Wearable sensor measures real skin feel


Wednesday, 24 April, 2024

Wearable sensor measures real skin feel

Researchers from Procter & Gamble (P&G, the Singapore Innovation Centre (SgIC) and Nanyang Technological University Singapore (NTU Singapore) have developed a wearable skin sensor, known as “HapSense”, that allows scientists to speed up their analysis of skincare cosmetic products. Typical skin-test panels consist of skincare product reviewers who represent a defined user demographic based on the nature of the study. Unlike conventional methods that rely on subjective assessments like consumer surveys, HapSense offers precise, objective and quantifiable measurements of tactile sensations, enabling an accurate understanding of the human sense of touch.

Shaped like a signet ring and worn on the fingertip, the sensor component of HapSense is attached to a smartwatch-like module, creating a portable, lightweight device that could be used for skin analysis in consumers’ homes. As the sensor glides along the skin or any surface, HapSense captures real-time data on friction and pressure that is independent of the consumers’ perceptions. This multidimensional sensing and tracking with high sensitivity provides insights into the effects of a skincare product on the skin.

By harnessing advanced algorithms, scientists can perform big data analysis using consistent data across the effects of different products over the years, gleaning insights that can guide the formulation of skincare products or the personalisation of skincare regimes for different skin types and demographics.
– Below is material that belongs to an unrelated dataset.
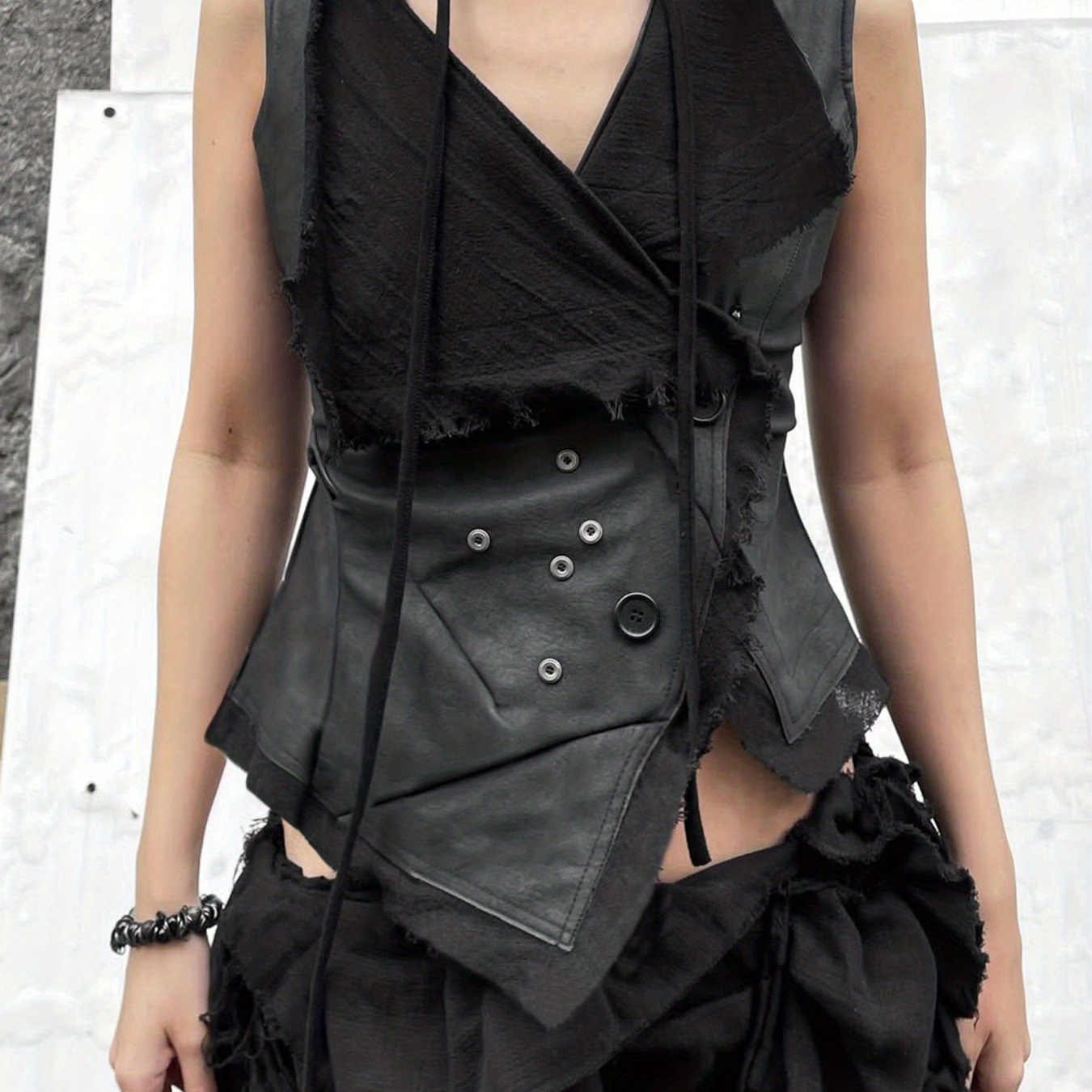 아сим메트리한 밑단의 버튼 앞면 조끼, 다크 미드일 스타일의 합성 소재로 제작된 레이어드 디자인.

HapSense also has the potential to expand its applications to testing surfaces and products in a range of categories, such as fabric care, hair care, baby care or feminine care.

Professor Louis Phee, Vice President (Innovation and Entrepreneurship) at NTU Singapore, said the sensor is an innovative product that showcases the potential of soft electronics in real-life applications, making it useful for many industries. “Our next steps will be advancing the commercialisation of the technology and establishing manufacturing standards for soft electronics, an emerging field where Singapore has strong potential to lead globally,” Phee said.